Toyota-Uber Puts Automakers in Rival Ride-Sharing Alliancesby , , and
The size of the automaker’s investment is said to be small
The ride-hailing company will expand its programs for drivers
Toyota Motor Corp.’s investment in Uber Technologies Inc. has drawn the battle lines between the world’s largest automakers, which have now solidified partnerships with competing ride-hailing apps in the burgeoning field of on-demand transportation.
Along with buying a small stake in Uber, Toyota will begin offering leases to Uber drivers, who’ll be able to cover their payments with what they earn ferrying around the app’s users. The collaboration follows investments by Volkswagen AG and General Motors Co. in Uber rivals Gett Inc. and Lyft Inc., respectively.
Aligning with Uber, Lyft and Gett represent strategic moves by the world’s biggest automakers to have an inside look at an industry taking aim at the concept of car ownership. The hailing apps are luring outsiders with auto industry ambitions including Apple Inc., which invested $1 billion this month in Chinese car-booking giant Didi Chuxing.
“There is a huge market in ride-sharing,” said Steve Man, a Hong Kong-based analyst covering the auto industry at Bloomberg Intelligence. “This is changing the way we use cars and the automakers don’t want to miss out.”
Toyota and Uber, the largest global ride-hailing provider, declined to comment on the size of the investment.
The Japanese automaker has no interest in taking a big position in the ride-sharing company or eventually controlling it, said a person familiar with the situation who asked not to be named. Toyota could easily get out of the investment if the partners decide to go their separate ways, the person said. Toyota wants to build expertise about how consumers use ride-sharing services, the person said.
Gett, the taxi-ordering rival to Uber based in Tel Aviv, said on Tuesday it raised $300 million from Germany’s Volkswagen. In January, GM invested $500 million into Lyft, the second-largest U.S. ride-hailing service. GM President Dan Ammann joined Lyft’s board, and the automaker has begun leasing vehicles to Lyft drivers in Chicago, with the companies planning to expand the program.
BMW AG said Wednesday that it took an unspecified stake in Scoop Technologies Inc., which offers a car-pooling app that matches employees of companies such as Cisco Systems Inc. and Microsoft Corp. to share vehicles for commutes in the San Francisco Bay area. The move follows BMW starting ReachNow in Seattle, an expanded car-sharing service that will let users book chauffeur services and have cars delivered.
In the nearer term, Toyota’s investment in Uber may help Toyota guard against GM’s ambitions to use its partnership with Lyft to bolster sales in urban areas. GM is reliant on SUV and truck sales in rural markets and saw an opportunity to boost its market share in cities, Logan Green, Lyft’s chief executive officer, said last month at a tech conference in Tokyo.

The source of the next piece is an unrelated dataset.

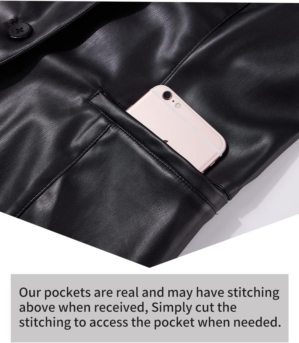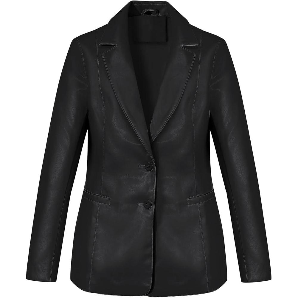 Our premium vegan PU leather outerwear delivers a luxurious feel with the added benefits of softness, suppleness, and easy maintenance. This durable material is not only stylish but also a practical choice for your wardrobe, requiring minimal care with a simple wipe-down using PU-Protector. Our blazers, crafted from this vegan leather, offer a loose fit for ultimate comfort and ease of movement, making them good for both casual lounging and professional settings. The design smartly covers the hips for a polished look that pairs effortlessly with a variety of bottoms, from pants to skirts, allowing you to transition seamlessly from day to night. The chic, trendy design of our vegan style blazers is versatile, easily complementing neutrals for a sophisticated look or adding a pop of color for a more vibrant style. With features such as notched lapels, long sleeves, and a sleek silhouette, these jackets are timeless and exude an air of elegance suitable for both casual and formal occasions. Practicality is key with our blazers, which include two zippered pockets for secure storage of essentials. The adjustable belt feature allows for a personalized fit, creating feminine curves and highlighting body proportions to suit your unique style. Choose our faux leather blazers for affordable fashion statement that doesn't compromise on luxury or style. Lighter and easier to care for than real leather, these jackets are the perfect addition to any wardrobe, offering charismatic charm for any occasion. Embrace the trend of sustainable fashion with our versatile and elegant vegan leather blazers.

“The automakers see a threat and an opportunity,” said Alan Baum, an independent auto analyst in West Bloomfield, Michigan. “If all they’re doing is selling vehicles and don’t see the customer again for years, then that’s a problem. If they can find a way to generate ongoing income, then that’s what they want to do.”
Among its global competitors, Uber has a strong position in congested urban centers where ride-sharing is taking root first, Baum said. Toyota and other automakers want to jump on the ride-sharing bandwagon partly because investors are pushing them to do so, he said.
Uber has raised more than $10 billion in capital since it was founded in 2009. The company has been seeking strategic investors, people familiar with the matter said last year.
With Toyota, Uber will augment its existing leasing programs, which also include Enterprise Holdings Inc. Short-term leasing programs, such as those offered by Uber and Lyft, have recently attracted the attention of regulators in California, which are considering banning the practice. Toyota and Uber hope to begin providing the new leasing options by the second half of this year, said Keisuke Kirimoto, a Toyota spokesman.
“We realize that this collaboration has potential, but we want to start it out as a pilot project,” Kirimoto said. “We want to explore and then see what will be possible.”